Items from a dataset:

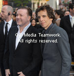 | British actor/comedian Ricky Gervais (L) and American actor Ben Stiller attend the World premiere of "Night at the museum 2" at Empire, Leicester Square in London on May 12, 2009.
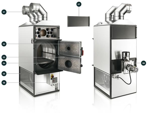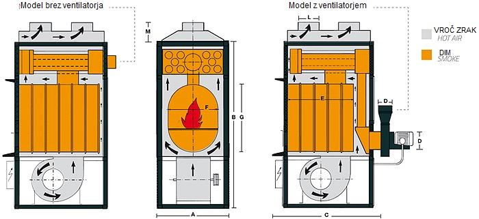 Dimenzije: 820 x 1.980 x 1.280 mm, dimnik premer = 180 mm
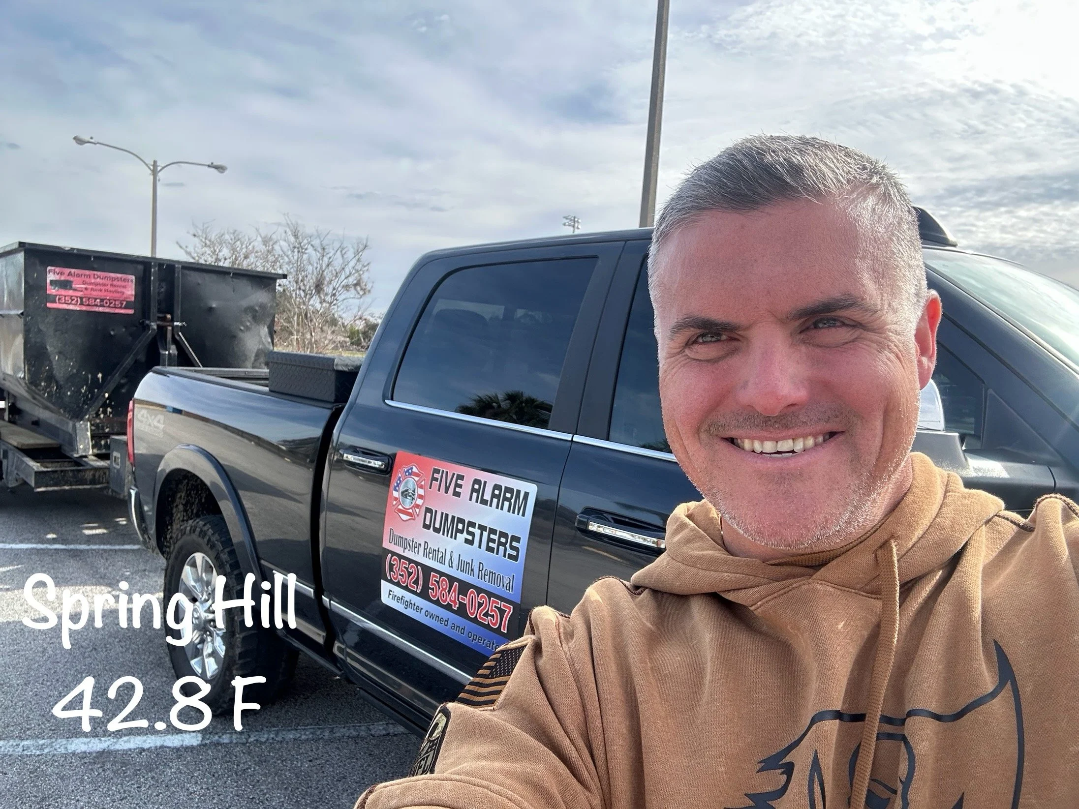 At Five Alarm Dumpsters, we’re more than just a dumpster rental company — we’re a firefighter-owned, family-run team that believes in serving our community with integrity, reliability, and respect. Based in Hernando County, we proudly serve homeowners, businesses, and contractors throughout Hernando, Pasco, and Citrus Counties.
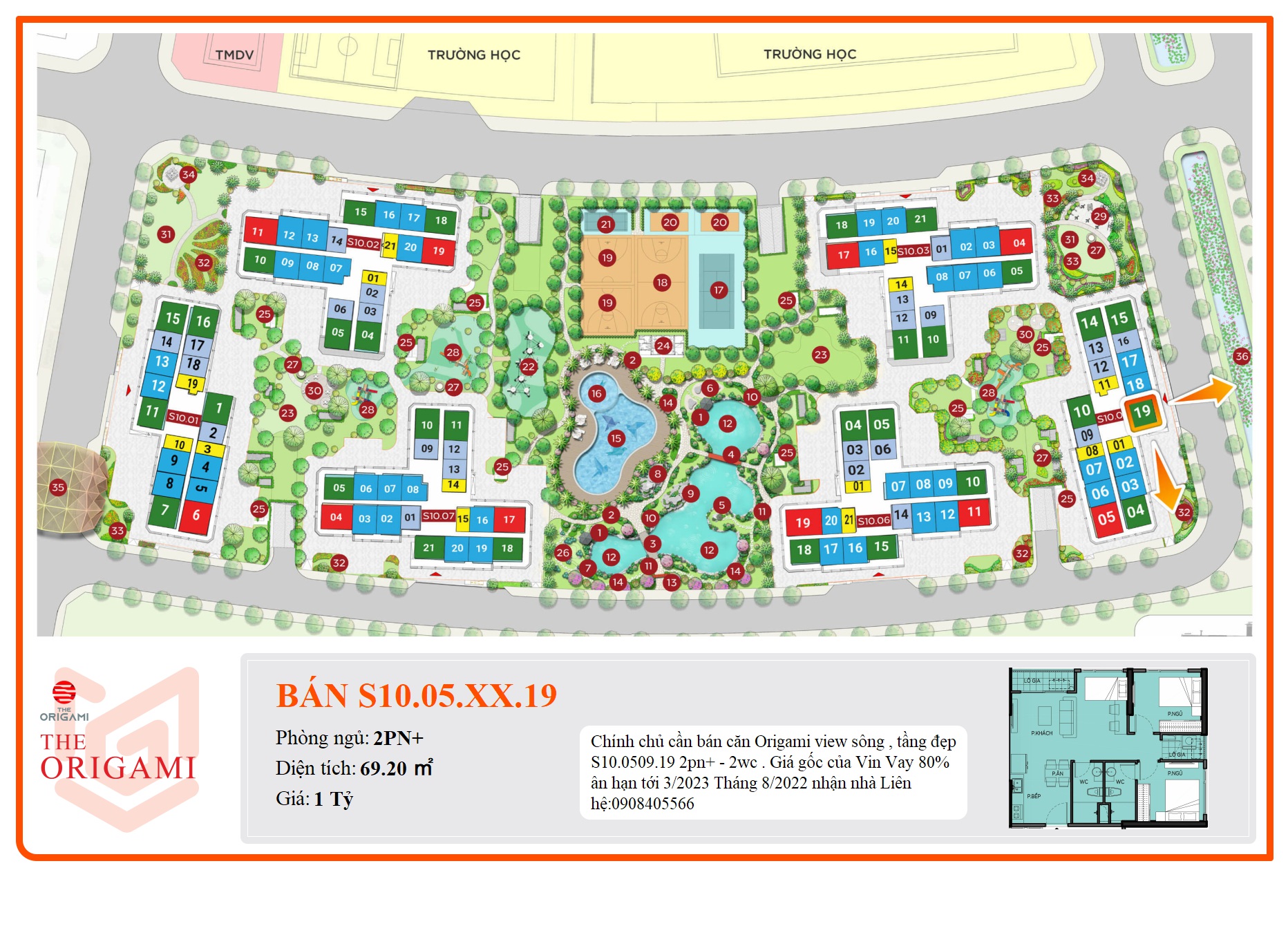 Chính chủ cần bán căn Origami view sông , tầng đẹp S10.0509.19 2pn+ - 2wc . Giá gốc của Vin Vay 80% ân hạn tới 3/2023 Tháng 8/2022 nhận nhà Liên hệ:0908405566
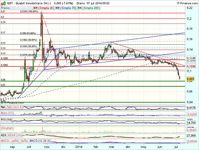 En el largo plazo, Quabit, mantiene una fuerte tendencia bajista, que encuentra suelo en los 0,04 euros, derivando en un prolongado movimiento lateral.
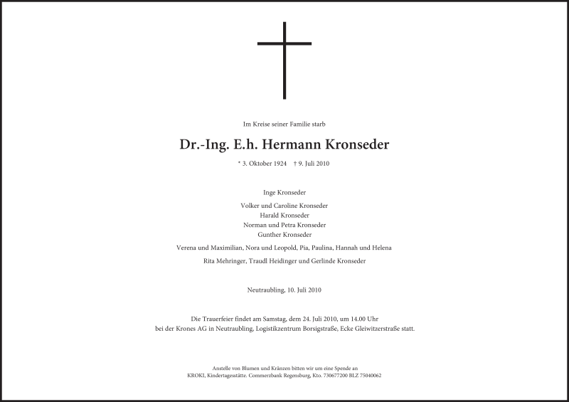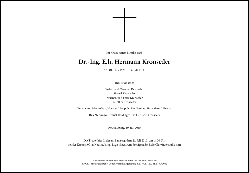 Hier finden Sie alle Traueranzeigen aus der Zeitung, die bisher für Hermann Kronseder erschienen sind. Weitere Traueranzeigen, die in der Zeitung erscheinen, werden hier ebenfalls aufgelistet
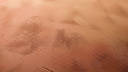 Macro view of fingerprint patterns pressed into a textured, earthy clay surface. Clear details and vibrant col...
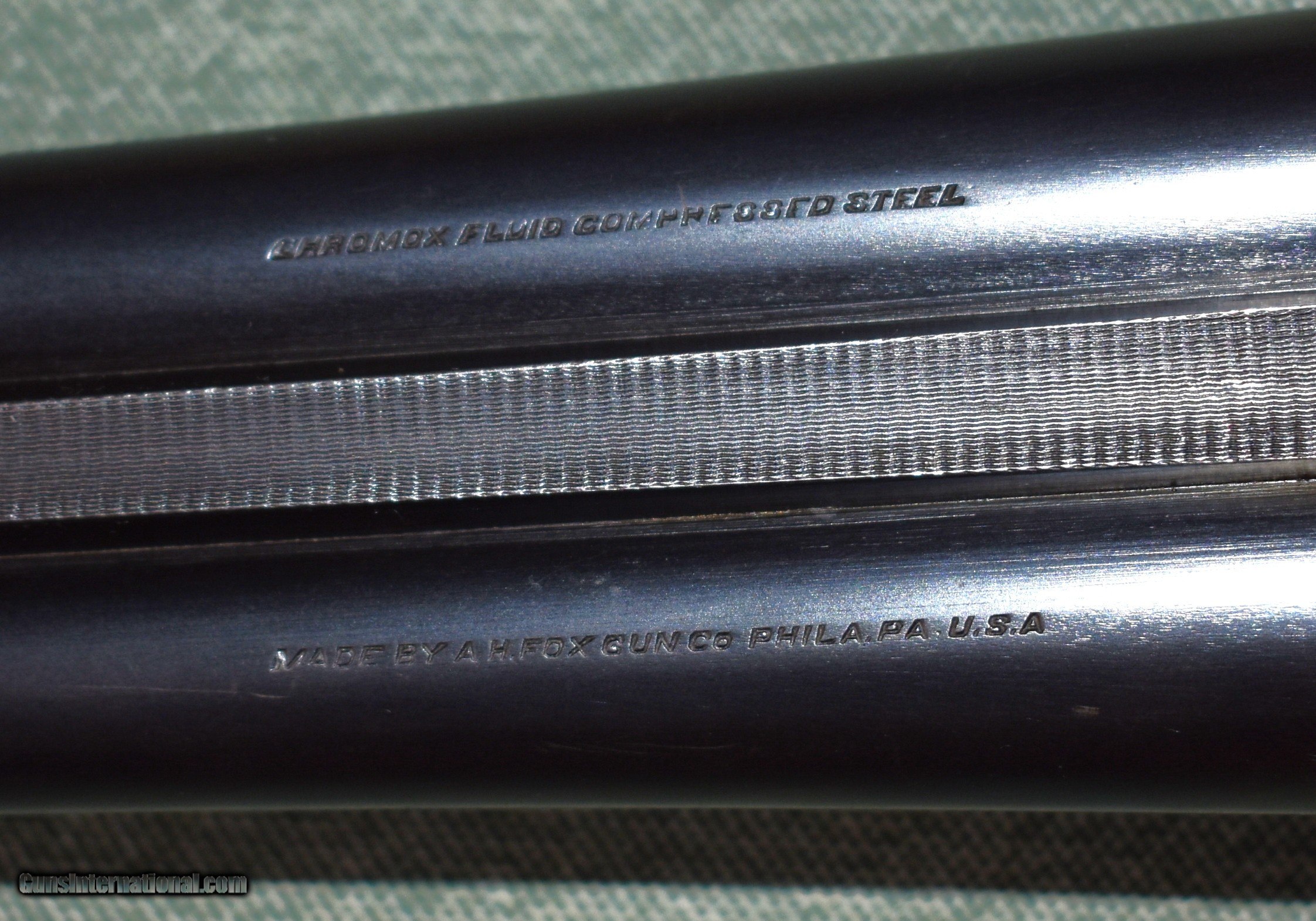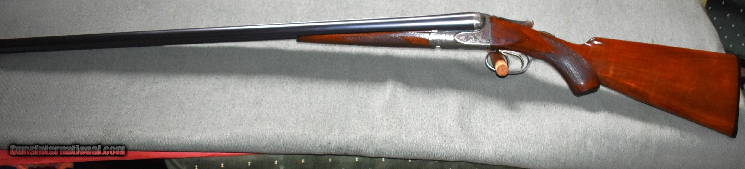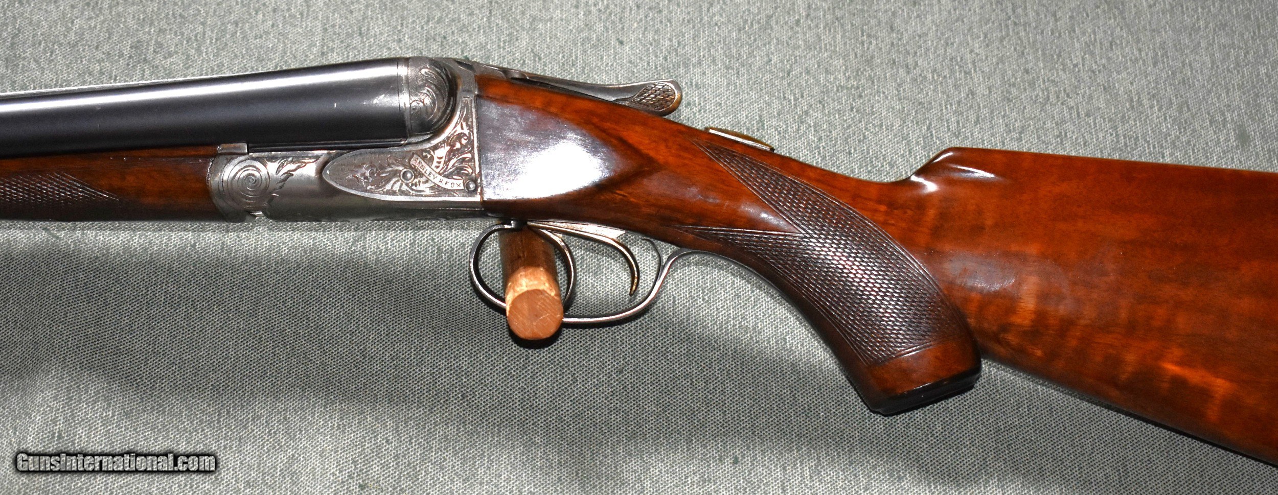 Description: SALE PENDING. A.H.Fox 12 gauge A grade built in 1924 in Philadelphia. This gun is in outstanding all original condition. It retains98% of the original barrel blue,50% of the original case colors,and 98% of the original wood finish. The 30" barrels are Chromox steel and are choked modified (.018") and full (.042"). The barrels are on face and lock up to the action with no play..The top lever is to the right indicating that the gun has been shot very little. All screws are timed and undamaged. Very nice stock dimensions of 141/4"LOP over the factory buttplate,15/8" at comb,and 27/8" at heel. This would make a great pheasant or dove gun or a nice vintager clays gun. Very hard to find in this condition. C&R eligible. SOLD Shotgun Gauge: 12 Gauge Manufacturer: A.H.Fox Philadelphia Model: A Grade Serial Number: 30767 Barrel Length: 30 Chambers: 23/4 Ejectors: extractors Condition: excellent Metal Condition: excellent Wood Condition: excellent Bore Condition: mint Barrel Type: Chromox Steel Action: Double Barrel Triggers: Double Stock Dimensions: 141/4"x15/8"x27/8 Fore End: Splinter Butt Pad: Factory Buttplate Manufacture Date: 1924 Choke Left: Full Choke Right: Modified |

WHAT THE EXERCISE ASKS
Reproduce every entry word for word, but omit the pictures.

EXPECTED ANSWER
 | British actor/comedian Ricky Gervais (L) and American actor Ben Stiller attend the World premiere of "Night at the museum 2" at Empire, Leicester Square in London on May 12, 2009.
 Dimenzije: 820 x 1.980 x 1.280 mm, dimnik premer = 180 mm
 At Five Alarm Dumpsters, we’re more than just a dumpster rental company — we’re a firefighter-owned, family-run team that believes in serving our community with integrity, reliability, and respect. Based in Hernando County, we proudly serve homeowners, businesses, and contractors throughout Hernando, Pasco, and Citrus Counties.
 Chính chủ cần bán căn Origami view sông , tầng đẹp S10.0509.19 2pn+ - 2wc . Giá gốc của Vin Vay 80% ân hạn tới 3/2023 Tháng 8/2022 nhận nhà Liên hệ:0908405566
 En el largo plazo, Quabit, mantiene una fuerte tendencia bajista, que encuentra suelo en los 0,04 euros, derivando en un prolongado movimiento lateral.
 Hier finden Sie alle Traueranzeigen aus der Zeitung, die bisher für Hermann Kronseder erschienen sind. Weitere Traueranzeigen, die in der Zeitung erscheinen, werden hier ebenfalls aufgelistet
 Macro view of fingerprint patterns pressed into a textured, earthy clay surface. Clear details and vibrant col...
 Description: SALE PENDING. A.H.Fox 12 gauge A grade built in 1924 in Philadelphia. This gun is in outstanding all original condition. It retains98% of the original barrel blue,50% of the original case colors,and 98% of the original wood finish. The 30" barrels are Chromox steel and are choked modified (.018") and full (.042"). The barrels are on face and lock up to the action with no play..The top lever is to the right indicating that the gun has been shot very little. All screws are timed and undamaged. Very nice stock dimensions of 141/4"LOP over the factory buttplate,15/8" at comb,and 27/8" at heel. This would make a great pheasant or dove gun or a nice vintager clays gun. Very hard to find in this condition. C&R eligible. SOLD Shotgun Gauge: 12 Gauge Manufacturer: A.H.Fox Philadelphia Model: A Grade Serial Number: 30767 Barrel Length: 30 Chambers: 23/4 Ejectors: extractors Condition: excellent Metal Condition: excellent Wood Condition: excellent Bore Condition: mint Barrel Type: Chromox Steel Action: Double Barrel Triggers: Double Stock Dimensions: 141/4"x15/8"x27/8 Fore End: Splinter Butt Pad: Factory Buttplate Manufacture Date: 1924 Choke Left: Full Choke Right: Modified |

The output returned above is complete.